Marked version: 0.3.19

Markdown flavor: CommonMark

Proposal type: other

What pain point are you perceiving?

We are not compliant with the CommonMark specification. The CM spec is the foundation for the GitHub Flavored Markdown specification. (GFM only adds some extensions for things like tables.)

Part of how we got here was that historically we did not strictly stick to the specification. In some cases we implemented custom features not discussed in the specifications (header id, for example).

What solution are you suggesting?

PR #1160 looks to run Marked against the CommonMark spec test cases: http://spec.commonmark.org/0.28/spec.json

So far the results show that we are roughly 60% spec-compliant.

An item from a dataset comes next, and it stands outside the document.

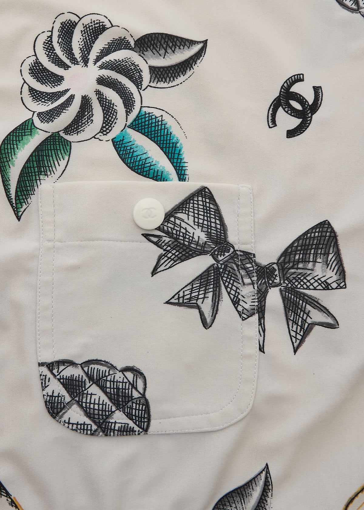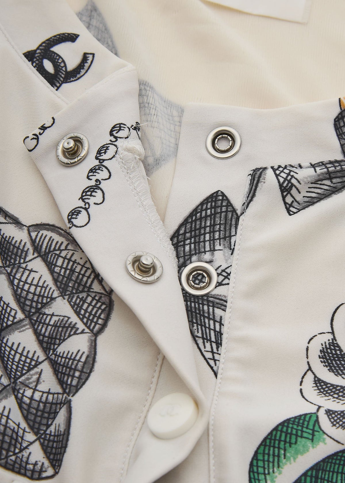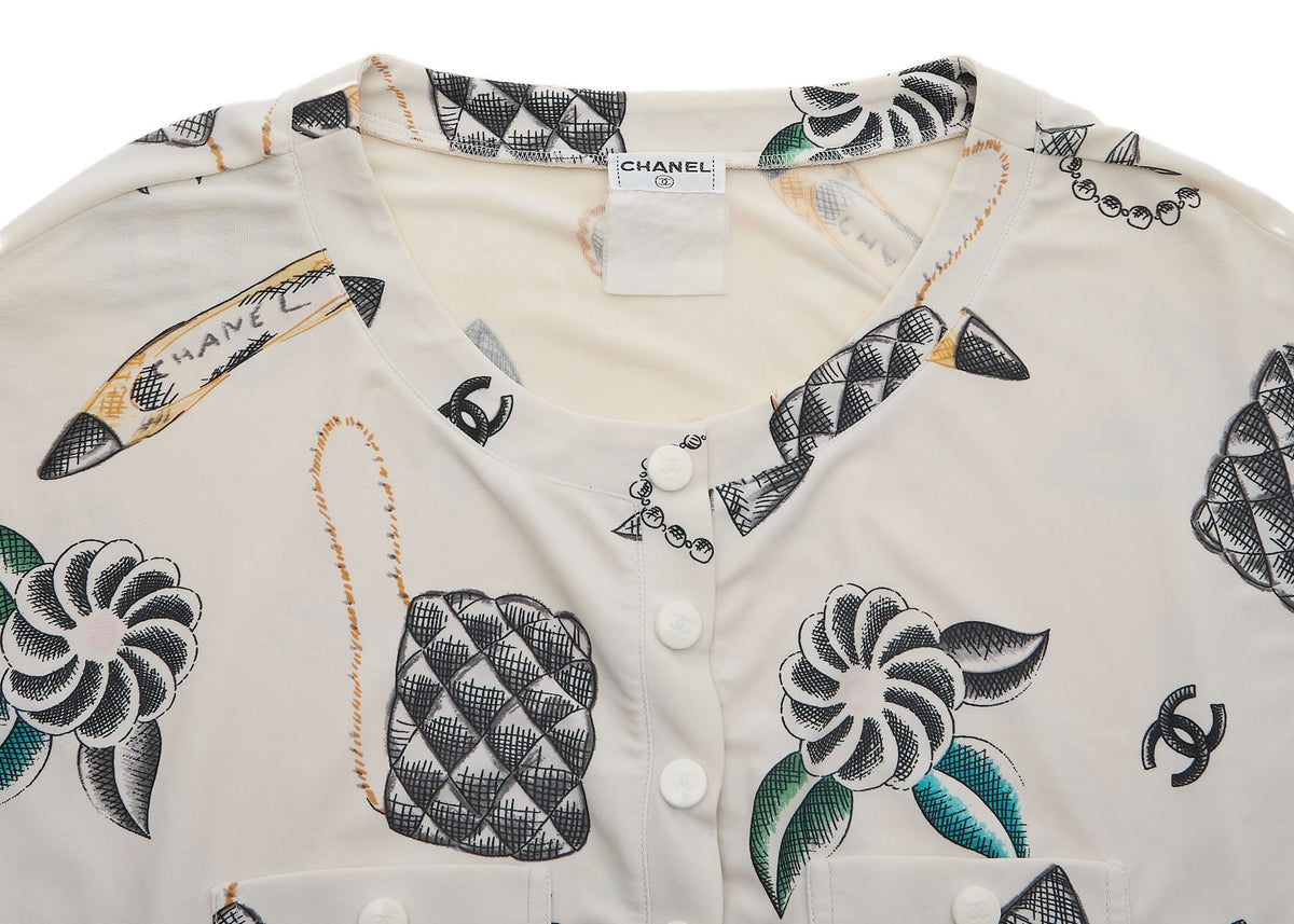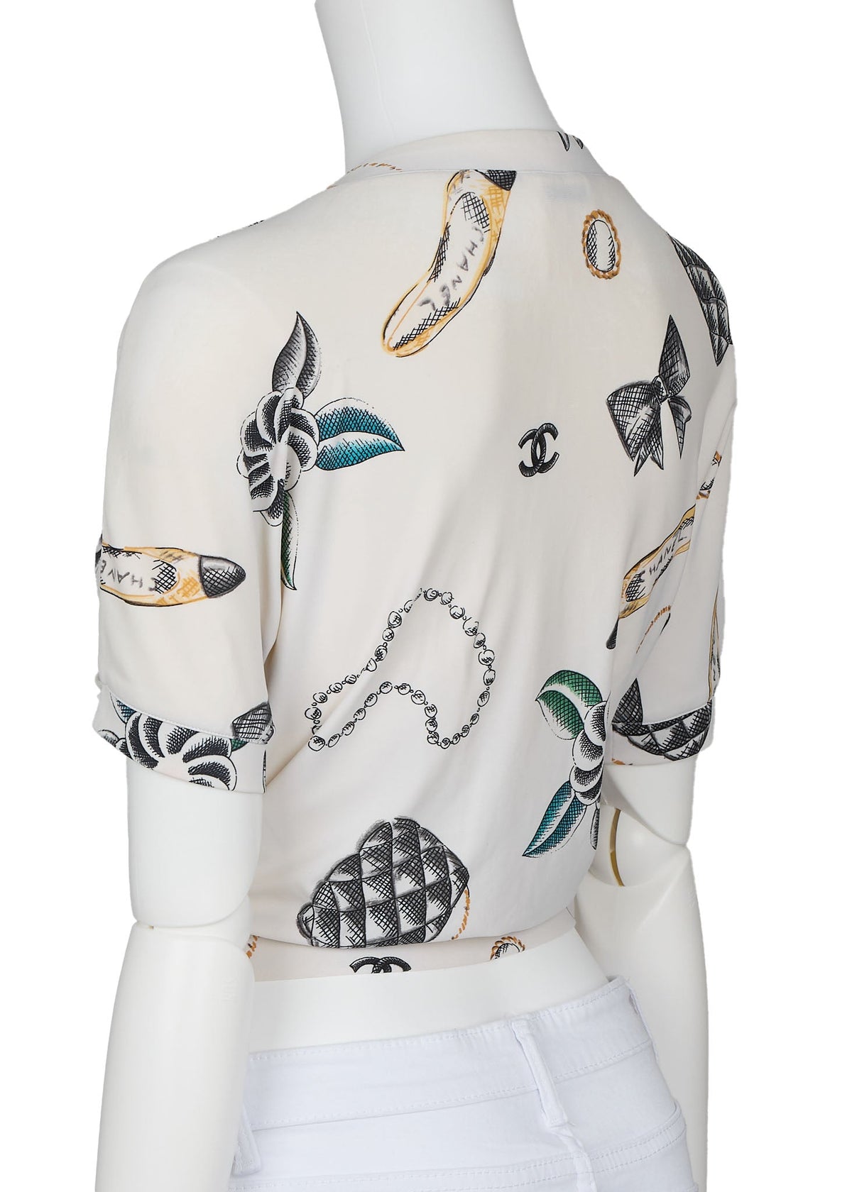 Die klassische weiße Farbe bietet einen vielseitigen Hintergrund für jedes Outfit, während das markante Coco Mark Ribbon und das Coco Button Total Pattern einen Hauch von Eleganz und Raffinesse verleihen. Mit seinen schicken kurzen Ärmeln und der modernen, verkürzten Länge eignet sich dieses Oberteil perfekt zum Tragen im Lagenlook oder solo.

The spec is divided into sections and each section has a number of test cases. (Counts may be off and are meant to represent estimate percent compliance with each section.)

Section	Count	Percent
Tabs	7 of 11	63%
Thematic breaks	16 of 19	84%
ATX headings	13 of 18	72%
Setext headings	20 of 26	77%
Indented code blocks	11 of 12	92%
Fenced code blocks	17 of 28	61%
HTML blocks	12 of 43	28%
Link reference definitions	21 of 23	91%
Paragraphs	6 of 8	75%
Block quotes	21 of 25	84%
List items	32 of 48	67%
Lists	10 of 24	42%
Backslash escapes	4 of 13	31%
Entity and numeric character references	8 of 12	67%
Code spans	10 of 17	59%
Emphasis and strong emphasis	62 of 128	48%
Links	46 of 84	55%
Images	13 of 22	59%
Autolinks	14 of 19	74%
Hard line breaks	32 of 36	89%
Soft line breaks	1 of 2	50%

styfle · 2018-08-17T15:26:40Z

styfle
Aug 17, 2018
Maintainer

@joshbruce Did you use a script to generate this table?
I just did a count based on shouldPassButFails arrays and this is what I got:

We are failing 157 of 624 commonmark tests which means we're passing 467 of 624.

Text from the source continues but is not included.